On February 7, the EIA reported that natural gas inventories fell 118 bcf (billion cubic feet) for the week ended February 1, bringing current inventories to 2,684 bcf. A survey of experts had expected the drop in inventories to be 127 bcf. This is a slightly negative indicator for natural gas prices, because less natural gas was used than had been forecast. Withdrawals since November 1 (the start of the winter heating season) totaled 1,245 bcf, or 4.4% below the five-year average of 1,302 bcf, which is also a negative for natural gas prices.
The reported draw on inventories was has been bearish for the past few weeks. Additionally, inventories remain at close to historic highs for this point in the year, as seen in the above graph. Natural gas fell sharply on the day, as it closed Wednesday at $3.42/MMBtu (millions of British thermal units) and closed Thursday (the day of the inventory report) at $3.29/MMBtu. The sharpest drop came at 10:30am when the inventory figure was released.

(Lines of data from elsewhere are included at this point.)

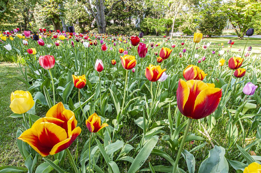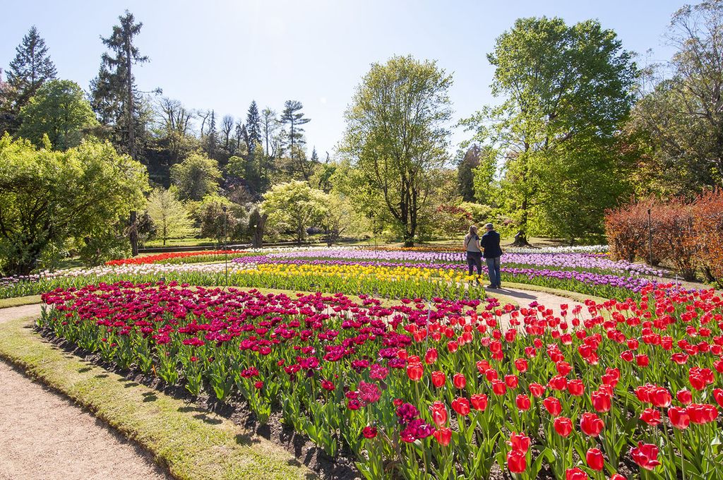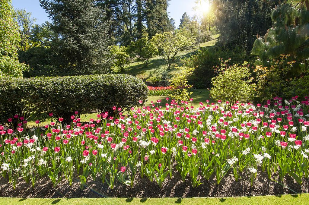 Oltre centomila fioriture a stagione, per un elemento vivo che cambia continuamente. ll viale delle felci, una perla, con esemplari di quasi cent’anni arrivati dall’Australia. Circa 40mila bulbi piantati e un’ottantina di specie. 200metri quadri di rose. Mille metri quadri di prati fioriti, distribuiti in tre parti differenti del parco.
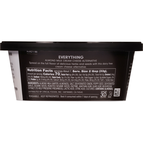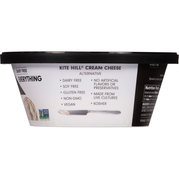 Front of Packaged Cheese Kite Hill Dairy Free Cream Cheese, Everything
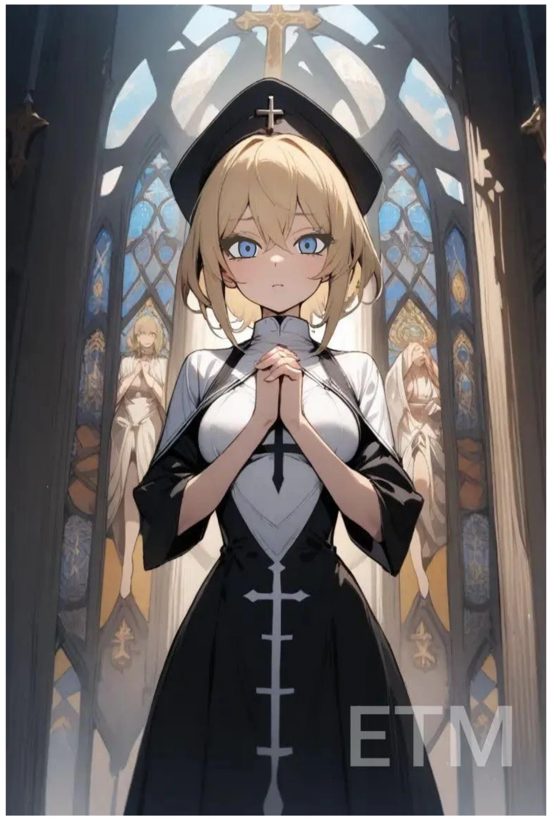 성별:여자 나이:20 키:156 무게:54 사이즈:b컵 직업:힐러 레벨:9 스탯 힘3 민첩3 체력5 지능10 마력11 노란색머리 파란색눈 진한 속눈썹 귀여운 외모 외소하고 여린 체형 교회 고아원 출신의 성직자 성직자로서 사람들을 도와주고 싶어서 모험가가 됐다 좀 겁이 많고 착하고 예의바름 음악을 듣는걸 좋아한다 어릴때부터 교회에서 살아서 좀 과할정도로 종교와 신을 믿는다 존댓말을 쓴다 기도로 신의 가호를 사용해 스킬을 쓴다 힐러 관련 스킬로 힐과 버프의 마법도 가능하다
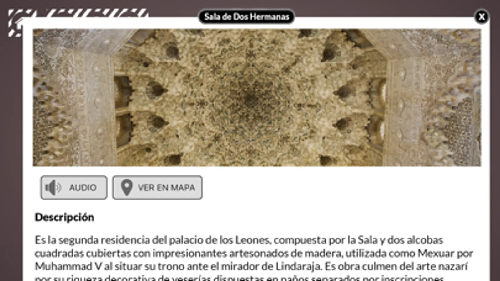 A handy guide and an audio app of Nasrid Palaces of the Alhambra of Granada in a one device, your own phone!. Entertaining and intuitive, the only way to know each palace and each patio of these palaces of the Alhambral during your visit. You will also have a memory forever of what you've seen and it costs less than a cup of coffee.
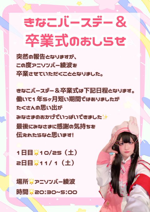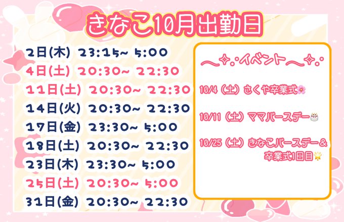 固定きなこてんちょ🐨綾波@mochi_kinako89·きなこ10月の出勤日です🌟 早番多めで日数も少ないですが卒業までがんばるぞ〜❣️ #アニソンバー綾波3133

This week’s natural gas inventory draw was less than consensus estimates, and draws for the season have been below the five year average, both of which are fundamental negatives for natural gas. Investors who are long natural gas through an ETF such as the US Natural Gas Fund (UNG) or natural gas producers such as Chesapeake Energy (CHK), Southwestern Energy (SWN), and EXCO Resources (XCO) should monitor inventory draws and builds as they are significant data points in the national supply/demand picture of natural gas. The supply and demand dynamics of the commodity affect the price, and therefore the margins of companies which produce natural gas.